The small size also allows me to enter this to the Hackaday Square-Inch project, which is nice.
But this is mainly by myself, for myself.
I do plan to use parts sourcable from digikey and releasing the project files on github with some permissive license, so others should be able to reproduce it.
At this point only the formfactor and connectivity along with the usb-uart chip have been chosen. This project is gona get done in Altium Designer 17.1 as I'm most comfortable with it. Currently the project files are available in the github repository. This is also where the pdf schematics and gerbers are going to be uploaded, when they get generated. Release versions of the same will also be uploaded to hackaday.io for additional availability, but most current files will be on github.

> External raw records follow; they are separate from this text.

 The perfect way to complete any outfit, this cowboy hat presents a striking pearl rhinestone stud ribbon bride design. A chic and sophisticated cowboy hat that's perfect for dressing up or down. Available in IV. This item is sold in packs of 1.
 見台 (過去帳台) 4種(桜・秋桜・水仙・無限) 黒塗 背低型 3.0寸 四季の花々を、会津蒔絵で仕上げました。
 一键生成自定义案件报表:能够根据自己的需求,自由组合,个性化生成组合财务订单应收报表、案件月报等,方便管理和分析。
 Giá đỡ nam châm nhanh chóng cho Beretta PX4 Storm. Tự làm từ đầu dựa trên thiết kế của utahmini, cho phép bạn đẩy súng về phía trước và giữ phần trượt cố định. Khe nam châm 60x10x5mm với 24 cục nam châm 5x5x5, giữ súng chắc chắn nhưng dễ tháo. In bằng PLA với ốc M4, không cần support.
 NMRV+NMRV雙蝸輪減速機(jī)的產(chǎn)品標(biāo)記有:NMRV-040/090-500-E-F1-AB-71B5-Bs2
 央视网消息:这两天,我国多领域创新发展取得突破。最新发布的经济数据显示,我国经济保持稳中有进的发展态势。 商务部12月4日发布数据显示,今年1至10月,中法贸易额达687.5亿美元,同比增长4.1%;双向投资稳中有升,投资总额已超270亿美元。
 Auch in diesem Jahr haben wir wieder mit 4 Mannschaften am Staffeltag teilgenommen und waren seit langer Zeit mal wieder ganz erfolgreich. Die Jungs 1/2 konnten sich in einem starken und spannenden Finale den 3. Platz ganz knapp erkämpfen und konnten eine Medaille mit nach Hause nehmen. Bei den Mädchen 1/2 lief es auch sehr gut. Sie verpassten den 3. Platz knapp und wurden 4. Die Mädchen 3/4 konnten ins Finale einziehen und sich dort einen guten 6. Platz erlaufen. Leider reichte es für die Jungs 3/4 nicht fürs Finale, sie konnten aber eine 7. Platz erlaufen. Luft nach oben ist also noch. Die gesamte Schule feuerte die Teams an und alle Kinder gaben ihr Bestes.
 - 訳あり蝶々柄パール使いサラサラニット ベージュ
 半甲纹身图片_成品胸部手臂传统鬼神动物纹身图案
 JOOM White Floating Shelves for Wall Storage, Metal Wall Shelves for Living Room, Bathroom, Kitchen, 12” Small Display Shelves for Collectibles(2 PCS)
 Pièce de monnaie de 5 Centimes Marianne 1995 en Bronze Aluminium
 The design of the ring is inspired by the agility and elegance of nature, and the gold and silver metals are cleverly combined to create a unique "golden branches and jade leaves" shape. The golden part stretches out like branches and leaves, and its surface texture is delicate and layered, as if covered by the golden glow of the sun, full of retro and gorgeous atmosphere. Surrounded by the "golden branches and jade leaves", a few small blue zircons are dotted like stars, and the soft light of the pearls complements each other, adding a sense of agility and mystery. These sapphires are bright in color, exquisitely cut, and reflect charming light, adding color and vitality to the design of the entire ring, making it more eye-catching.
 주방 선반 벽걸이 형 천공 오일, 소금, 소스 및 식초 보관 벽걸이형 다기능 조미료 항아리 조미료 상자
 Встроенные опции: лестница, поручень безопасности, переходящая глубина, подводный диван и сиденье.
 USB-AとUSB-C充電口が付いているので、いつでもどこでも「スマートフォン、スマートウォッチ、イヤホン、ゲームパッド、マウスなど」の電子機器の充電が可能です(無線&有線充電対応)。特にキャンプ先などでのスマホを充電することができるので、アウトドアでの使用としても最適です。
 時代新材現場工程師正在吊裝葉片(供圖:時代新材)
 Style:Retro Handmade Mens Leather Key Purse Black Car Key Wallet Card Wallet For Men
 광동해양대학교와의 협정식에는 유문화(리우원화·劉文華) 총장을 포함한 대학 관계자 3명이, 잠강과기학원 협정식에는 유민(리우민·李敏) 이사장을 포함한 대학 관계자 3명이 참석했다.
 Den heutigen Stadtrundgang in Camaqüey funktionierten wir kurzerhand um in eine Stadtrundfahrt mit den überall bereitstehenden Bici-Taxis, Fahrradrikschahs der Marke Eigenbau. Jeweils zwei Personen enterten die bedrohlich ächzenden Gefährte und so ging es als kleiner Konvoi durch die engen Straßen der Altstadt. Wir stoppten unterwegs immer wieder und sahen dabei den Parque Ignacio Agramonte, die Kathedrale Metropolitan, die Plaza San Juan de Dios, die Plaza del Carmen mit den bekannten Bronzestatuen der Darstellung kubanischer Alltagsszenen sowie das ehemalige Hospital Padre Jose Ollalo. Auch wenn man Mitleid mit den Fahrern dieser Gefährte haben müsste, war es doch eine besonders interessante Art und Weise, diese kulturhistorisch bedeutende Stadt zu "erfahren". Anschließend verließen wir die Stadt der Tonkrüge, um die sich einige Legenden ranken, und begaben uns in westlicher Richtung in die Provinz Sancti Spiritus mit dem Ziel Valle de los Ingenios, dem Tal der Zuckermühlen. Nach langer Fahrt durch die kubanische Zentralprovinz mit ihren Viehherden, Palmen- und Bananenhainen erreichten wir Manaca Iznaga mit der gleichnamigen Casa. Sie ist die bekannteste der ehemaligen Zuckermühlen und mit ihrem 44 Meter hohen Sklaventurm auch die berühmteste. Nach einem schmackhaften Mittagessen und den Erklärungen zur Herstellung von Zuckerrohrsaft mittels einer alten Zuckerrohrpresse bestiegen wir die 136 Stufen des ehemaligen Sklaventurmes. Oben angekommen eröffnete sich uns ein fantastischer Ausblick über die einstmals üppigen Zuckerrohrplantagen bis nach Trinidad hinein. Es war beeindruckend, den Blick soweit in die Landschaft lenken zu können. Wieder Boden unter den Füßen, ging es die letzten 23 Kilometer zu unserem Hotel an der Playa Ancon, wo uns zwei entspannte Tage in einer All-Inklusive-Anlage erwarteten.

I chose CP2102N-A01-GQFN20 for this project for 3 reasons: 1. It was the cheapest usb-uart chip on digikey, and it had 13680pcs in stock. 2. It is small, so less board area gets used and 3mm x 3mm QFN20 is still easy to solder with hot air. 3. It does not need an extra crystal, this results in saved board space and potential EMI/EMC benefits.
The other two projects where I plan on using this chip are more RFI/EMI sensitive than a simple usb-uart. So doing this separately allows me to evaluate radiated and conducted emissions while also giving me a usefull tool. If nothing else I'd suspect that having the silicon oscillator on die radiates far less than a crystal placed outside the case.
This is not a fancy project going for the wow-factor, this is just a small useful thing shared so that others might learn about my potential mistakes and maybe build their own.